__Exercise prompt__: Although the data below holds other lines too, output only those from the line with "Solid Off White" up to and including the line with "We had just", exactly as they appear.

__Data excerpts__:
[Start of section]

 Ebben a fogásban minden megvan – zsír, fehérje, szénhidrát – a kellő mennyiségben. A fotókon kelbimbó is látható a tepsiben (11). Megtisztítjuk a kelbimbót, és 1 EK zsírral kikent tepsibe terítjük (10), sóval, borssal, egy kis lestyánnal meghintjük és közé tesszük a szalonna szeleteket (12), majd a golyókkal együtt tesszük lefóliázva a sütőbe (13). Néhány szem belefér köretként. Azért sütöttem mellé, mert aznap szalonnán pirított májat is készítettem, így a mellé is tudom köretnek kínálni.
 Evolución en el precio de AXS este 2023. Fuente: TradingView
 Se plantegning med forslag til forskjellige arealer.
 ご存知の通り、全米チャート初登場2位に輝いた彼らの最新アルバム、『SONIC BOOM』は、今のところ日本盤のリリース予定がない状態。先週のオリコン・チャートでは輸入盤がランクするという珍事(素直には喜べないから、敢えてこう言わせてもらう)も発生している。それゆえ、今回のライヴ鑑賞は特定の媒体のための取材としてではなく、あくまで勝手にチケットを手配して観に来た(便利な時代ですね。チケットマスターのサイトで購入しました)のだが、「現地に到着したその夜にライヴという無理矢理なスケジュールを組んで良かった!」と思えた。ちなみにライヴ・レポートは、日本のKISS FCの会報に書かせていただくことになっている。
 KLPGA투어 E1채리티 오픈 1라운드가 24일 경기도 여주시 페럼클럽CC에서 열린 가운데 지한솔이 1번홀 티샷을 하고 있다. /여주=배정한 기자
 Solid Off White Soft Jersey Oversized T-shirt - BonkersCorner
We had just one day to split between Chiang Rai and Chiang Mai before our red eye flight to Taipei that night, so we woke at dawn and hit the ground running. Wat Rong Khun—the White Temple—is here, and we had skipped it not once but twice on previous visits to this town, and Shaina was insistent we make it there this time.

[End of section]
[Start of section]

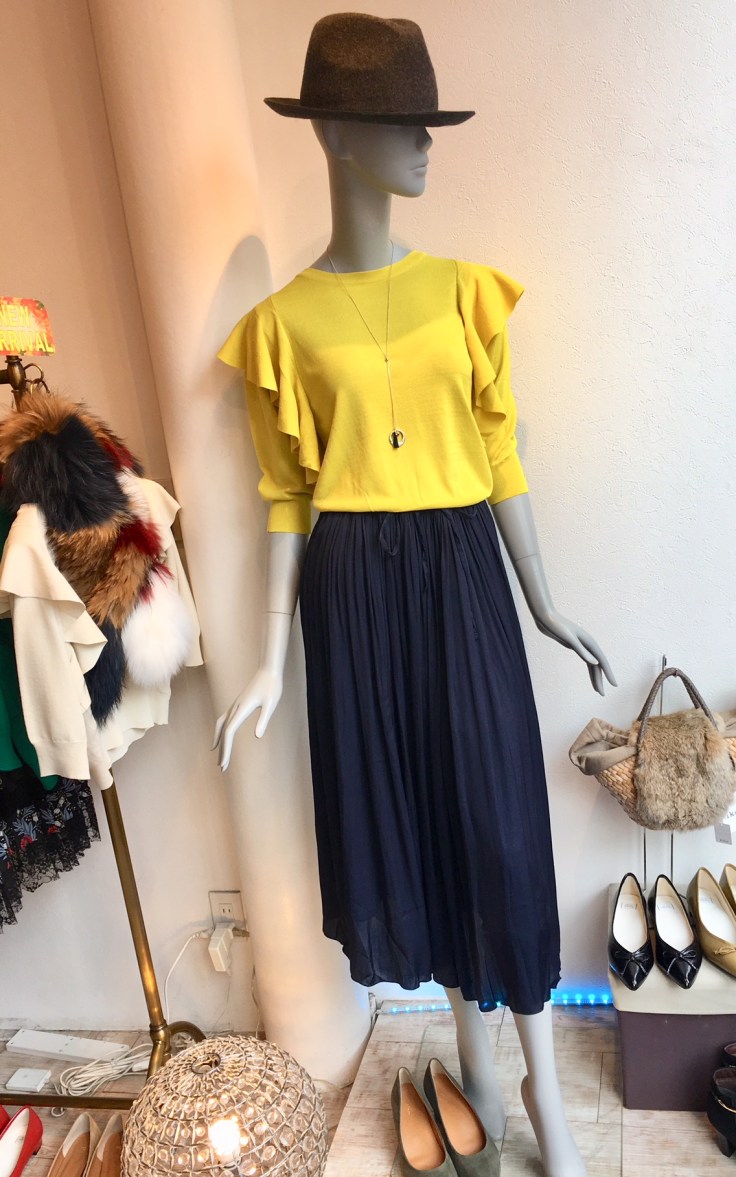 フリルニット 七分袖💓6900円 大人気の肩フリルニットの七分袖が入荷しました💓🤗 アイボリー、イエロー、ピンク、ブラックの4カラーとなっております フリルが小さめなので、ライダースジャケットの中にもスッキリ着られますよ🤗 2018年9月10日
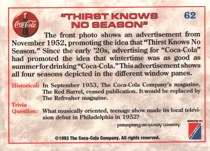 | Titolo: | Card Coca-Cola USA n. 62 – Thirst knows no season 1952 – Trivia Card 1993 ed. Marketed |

[End of section]

__Result__:
 Solid Off White Soft Jersey Oversized T-shirt - BonkersCorner
We had just one day to split between Chiang Rai and Chiang Mai before our red eye flight to Taipei that night, so we woke at dawn and hit the ground running. Wat Rong Khun—the White Temple—is here, and we had skipped it not once but twice on previous visits to this town, and Shaina was insistent we make it there this time.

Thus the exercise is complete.